An dem kleinen Rastplatz hatte ich schon beschlossen, daß mir Haugesund nicht genügte. Es gab Hotels (Promenade) und einen Campingplatz mit Hütten ab 200€ die Nacht. So recherchierte ich meine nächste Tour und da gab es erstmal 50 km nichts, außer tolle Landschaft und nochmal ein Fähre. Insgesamt würde die Tour nochmal 79 km betragen bis Lervik, wo es einen Supermarkt und einen kleinen Campingplatz gab mit einer Hütte für 85€. Man konnte nur telefonisch reservieren und das machte ich dann in dem kleinen Café und brach um 14 Uhr auf.

Ich fuhr volle Socke durch eine tolle Landschaft, die nach Norden hin immer wilder wurde. Es sah aus, wie in der Bretagne und ging zuletzt sogar in Sichtweise des Ozeans entlang.

Ich mußte das schöne, wenn auch nachmittags windige Wetter nutzen und würde mir später Vorwürfe machen, nicht weiter voran gekommen zu sein, als die Bedingungen gut waren. Leider mußte ich dann 58 Minuten auf die nächste Fähre 16:30 warten, immerhin in einem geheizten Warteraum an einem kleinen Hafen, der nichts Sehenswertes bot.

Es waren dann noch 54 km und die Ankunftszeit 19 Ihr war nicht mehr zu schaffen. Ich hab mein bestes und spührte, wie die Kilometer schmolzen und der Hunger zurück kam. Immerhin hatte ich auf der Fähre einen Schokotrunk gekauft und teilweise mit zwei Kaffee gemischt. Den Rest trank ich bei Halbzeit.

Ich hatte zwei weitere Archipele zu umrunden und immer links das Gebirge, 200 m über mir, rechts das Wasser , 100 m unter mir. Da gab es viel zu treten.

Die Fotos sind alle in voller Fahrt entstanden, denn ich hatte keine Zeit zu pausieren. Das ist auch immer eine Konzentrationsübung, das Handy heraus zu holen, zu knipsen und den Verkehr im Auge zu behalten auf einer Straße, die teilweise nicht breiter ist als ein VW Bulli.

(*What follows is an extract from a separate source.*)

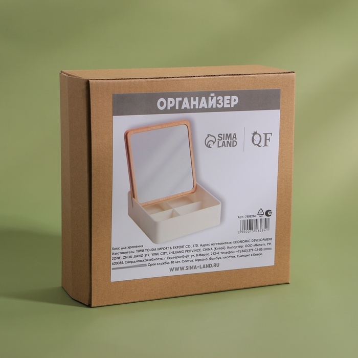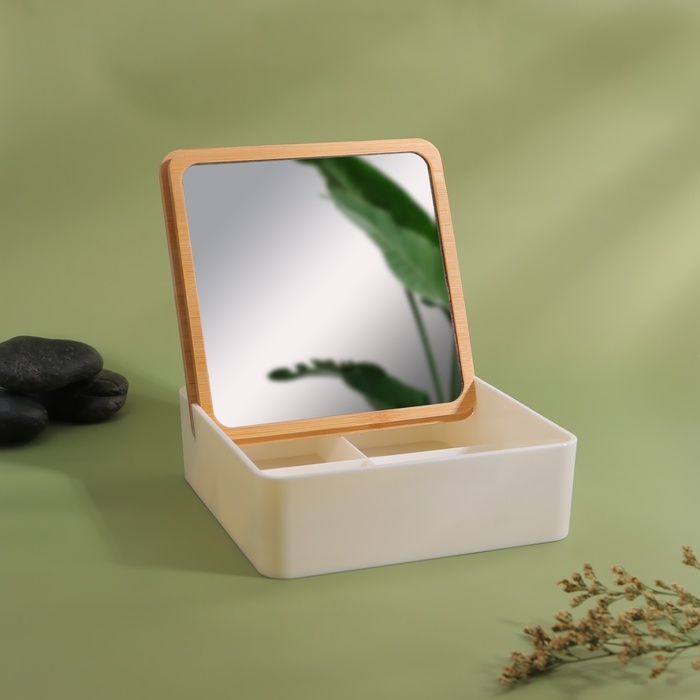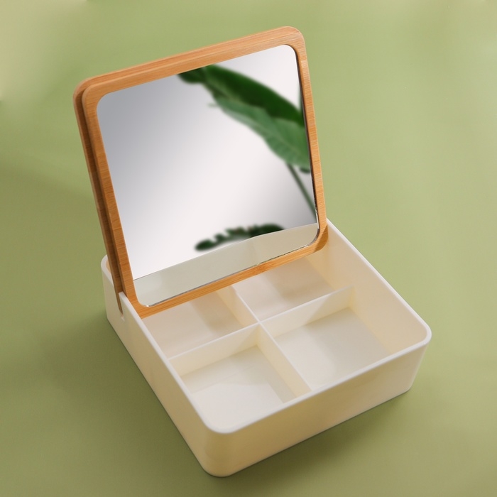 Бокс для хранения косметических принадлежностей, с зеркалом, 4 секции, 15 × 15 × 5 см, цвет белый/коричневый

Dann kam ein letzter spektakulärer Abschnitt mit zwei jeweils 1000 m langen Hängebrücken über die Fjorde. Hier war die Herausforderung, daß mir der Wind nach das Handy aus der Hand und mich vom Rad riß. es ging alles gut und ich konnte die letzten 6 km runter vom Highway in den Ort Leirvik fahren.

Noch schnell im Coop Extra meine Standards einkaufen: 3 Pappbrötchen (es gibt kein Vollkorn, auch wenn das dransteht), Tomatensaft, 500 g Tortellini und eine Schale niederländische Erdbeeren. Dann noch navigieren bis zum Campingplatz, fertig.